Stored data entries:

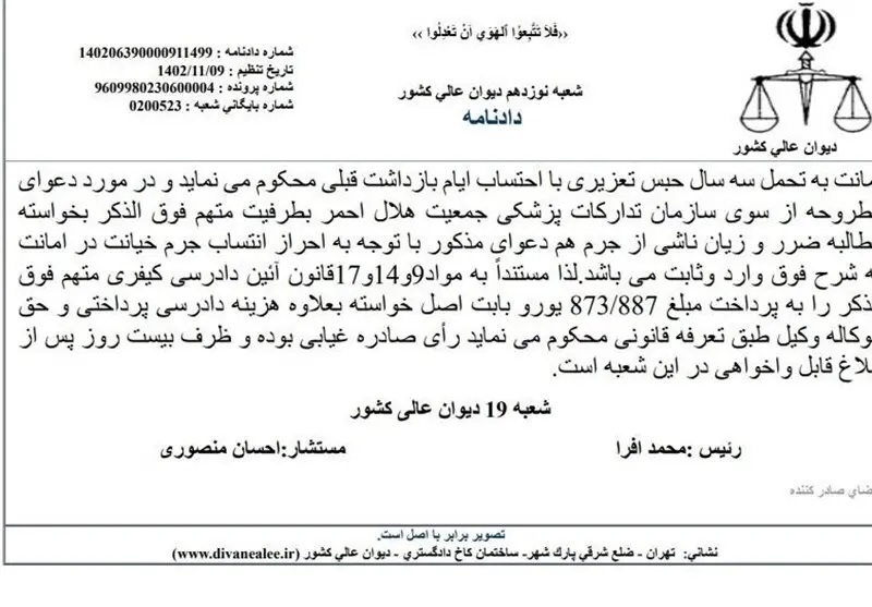 با توجه به اینکه رای دیوان عالی در بهمن ماه سال ۱۴۰۲ صادر و تنظیم شده است و حدود سه ماه از این حکم میگذرد، موضوع صدور «اعلان قرمز» این مجرم را که در حال حاضر، در خارج از کشور بهسر میبرد، از پلیس اینترپل پیگیری کرد.
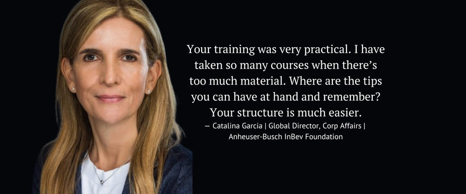 Our workshop helps high potentials structure their written and verbal content for greater impact with both internal and external stakeholders.With our feedback and coaching, we make sure that workshop attendees walk away with the communication skills they need to create clear, persuasive messaging in their day-to-day roles and interactions for emails, social posts, blogposts, presentations, sales pitches, investor pitches, as well as interactions with the media.Participants walk away with the following:(1) A clear understanding of why story is key to creating clear, persuasive verbal and written content.(2) A proven, easy-to-remember, easy- to-apply storytelling framework that's immediately applicable in their day-to-day work.(3) Communications techniques and skills that will elevate their executive presence, internally and externally.
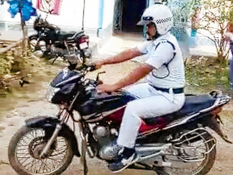 কাজে ফেরার আগে চলছে মোটরবাইকে চড়ার মহড়া।
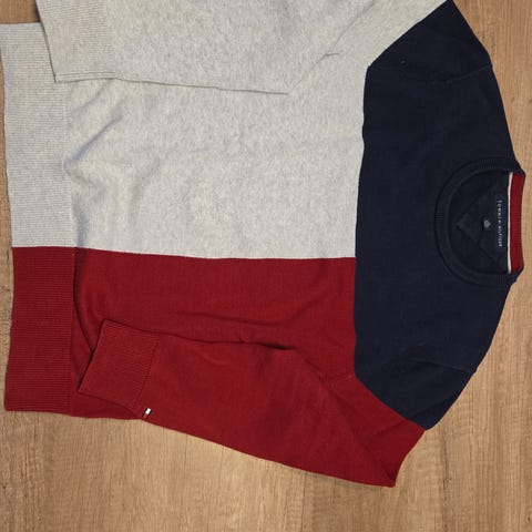 Myydään hyväkuntoinen Tommy Hilfiger neulehuppari, jossa raidoitus. Hupparissa edessä vetoketju ja kengurutasku sekä takana huppu.
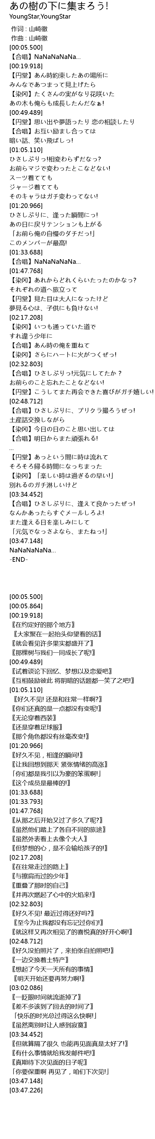 | [00:43.977] | あの木も俺らも成長したんだなぁ! |

▶ [EXERCISE DETAILS]
If a record contains a picture, leave the picture out; repeat the record itself exactly.

▶ [SOLUTION TO THE PROBLEM]
 با توجه به اینکه رای دیوان عالی در بهمن ماه سال ۱۴۰۲ صادر و تنظیم شده است و حدود سه ماه از این حکم میگذرد، موضوع صدور «اعلان قرمز» این مجرم را که در حال حاضر، در خارج از کشور بهسر میبرد، از پلیس اینترپل پیگیری کرد.
 Our workshop helps high potentials structure their written and verbal content for greater impact with both internal and external stakeholders.With our feedback and coaching, we make sure that workshop attendees walk away with the communication skills they need to create clear, persuasive messaging in their day-to-day roles and interactions for emails, social posts, blogposts, presentations, sales pitches, investor pitches, as well as interactions with the media.Participants walk away with the following:(1) A clear understanding of why story is key to creating clear, persuasive verbal and written content.(2) A proven, easy-to-remember, easy- to-apply storytelling framework that's immediately applicable in their day-to-day work.(3) Communications techniques and skills that will elevate their executive presence, internally and externally.
 কাজে ফেরার আগে চলছে মোটরবাইকে চড়ার মহড়া।
 Myydään hyväkuntoinen Tommy Hilfiger neulehuppari, jossa raidoitus. Hupparissa edessä vetoketju ja kengurutasku sekä takana huppu.
 | [00:43.977] | あの木も俺らも成長したんだなぁ! |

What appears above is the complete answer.